Parse xml entry with logstash and create a new field with the data

I can see no reason why what you tried would not work.

Hi @Badger ,

is there a way logstash read updated contents of a file before sending event to elastic.

In my build xml, there is a tag <duration>. it is assigned a value 0 in the start of the process(Jenkins job). and logstash reads the file and create event based on it. but once that Jenkins job is completed. the duration value get updated to the actual time taken by job to complete. but logstash doesn't update its value in the event and sends 0 as value in the event to elastic.

is there a way logstash can also read the updated value of tag which it already read?

Below is my logstash conf

 input {
      file {
        path => "/var/jenkins_home/jobs/CTSD/jobs/apis/jobs/eatviewer/branches/*/builds/*/build.xml"
        start_position => "beginning"
        sincedb_path => "/dev/null"
        type => "xml"
        codec => multiline {
           pattern => '^[A-Z]{1}[a-z]{2} {1,2}[0-9]{1,2},[0-9]{4} {1,2}[0-9]{1,2}:[0-9]{2}:[0-9]{2}'
           negate => true
           what => previous
           max_lines => 10000000000
           auto_flush_interval => 600
        }
      }
    }
    filter {
      xml {
        source => "message"
        store_xml => false
        xpath => [
            "/flow-build/startTime/text()", "startTime",
            "/flow-build/duration/text()", "duration",
            "/flow-build/execution/result/text()", "result"
        ]
      }
    }
    output {
      elasticsearch { hosts => [ "https://elastic:443/elasticsearch" ] index => "elktest-%{+YYYY.MM.dd}" }
      stdout { codec => rubydebug }
    }

If it rewrites the same file, then no, logstash cannot do that.

Hi @Badger ,

thanks, but is there a way i read the xml file for parsing once <duration> value is non-zero in xml.
I am currently stuck as without this my data being fetched from xml is not correct. only when duration has non-zero value my xml file will be valid to get parsed by logstash

Hi @Badger , can you please help suggest on this ?

You could use a conditional and drop {} the event if the value of the duration field is zero, or possibly if [message] contains <duration>0</duration>.

Thanks @Badger , but will logstash read again this XML and generate an event once duration value is non zero ?

As I said before, if the file gets rewritten then the file input will not reread it.

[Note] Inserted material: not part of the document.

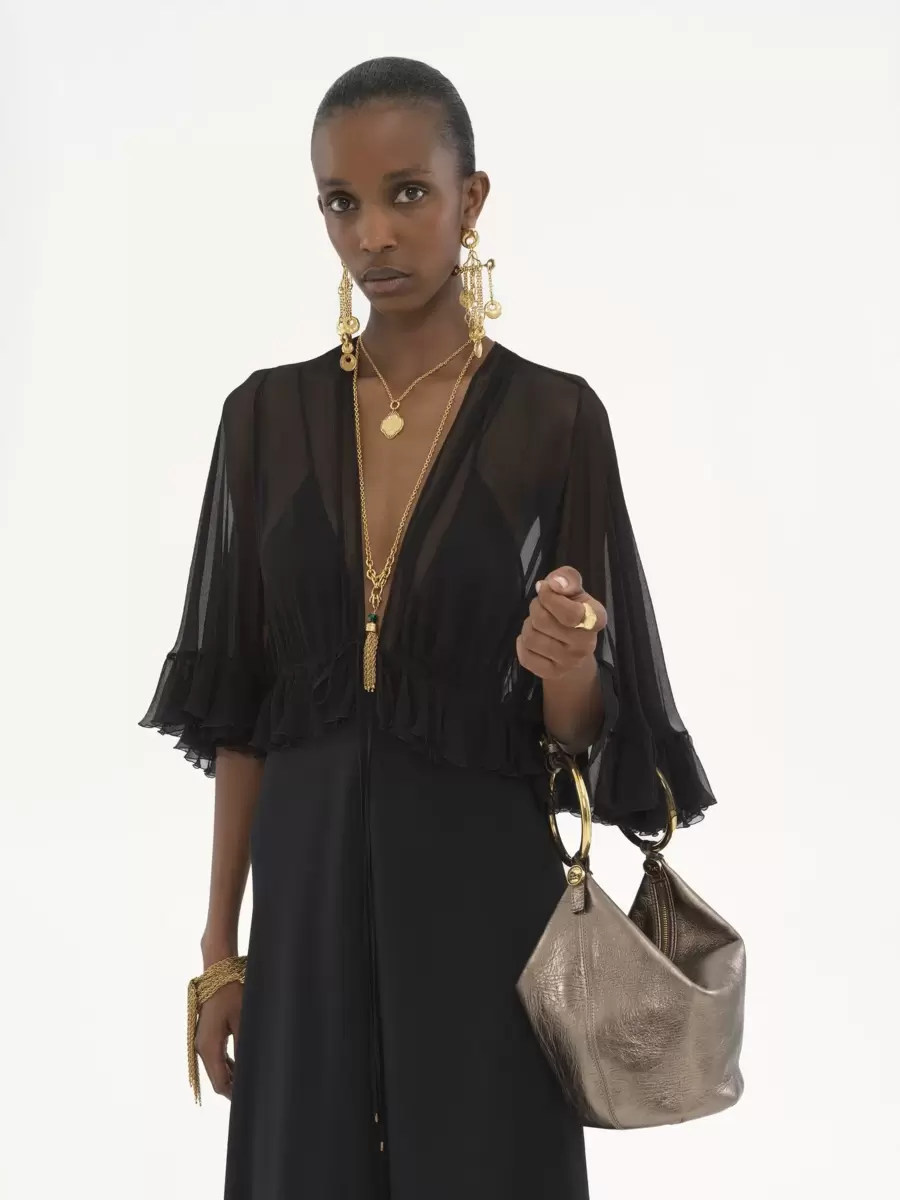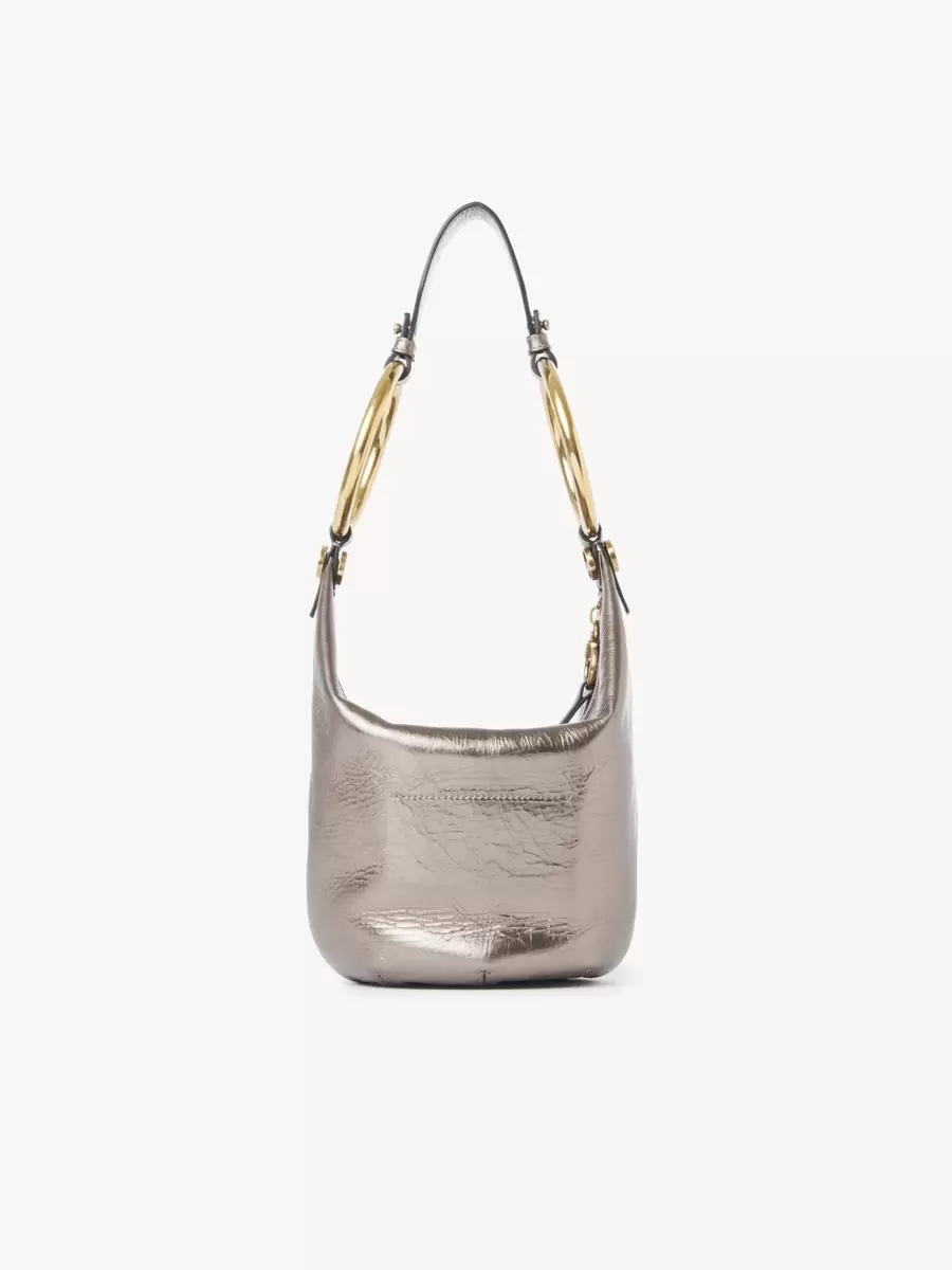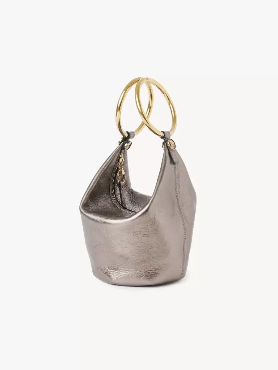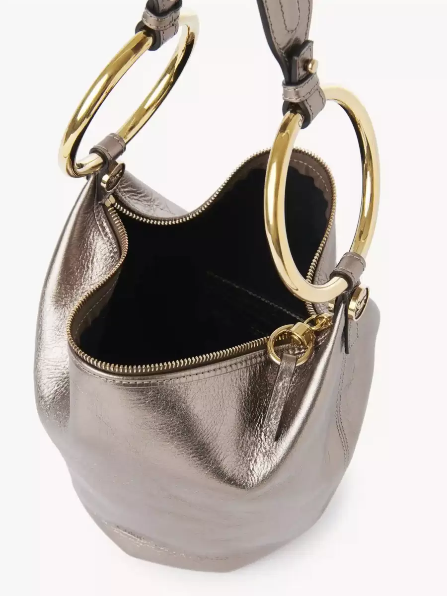 Bu küçük Bracelet omuz çantası metalize deriden üretilmiştir. Esnek ve yuvarlak şekli, Maison’un imzası olan Horse Medal donanımıyla sabitlenen büyük bilezik kulplarıyla daha da öne çıkar.

is there a way, we can define in logstash.conf that once my file has been updated then logstash picks up the build.xml?

We tried with stat_interval which would actually delay the reading of the build.xml by logstash but not sure if that would be an accurate solution.

The file input is designed to tail log files. If a new file is created (with a new inode) then logstash will read it. If the same file is rewritten from the beginning then a file input will not re-read it.

Hi @Badger ,

I am trying to convert startTime field epoc value into UNIX time. but it is getting parse failure
I want to convert the value of <startTime> and <duration> to readable format. Can you help what is the issue here ?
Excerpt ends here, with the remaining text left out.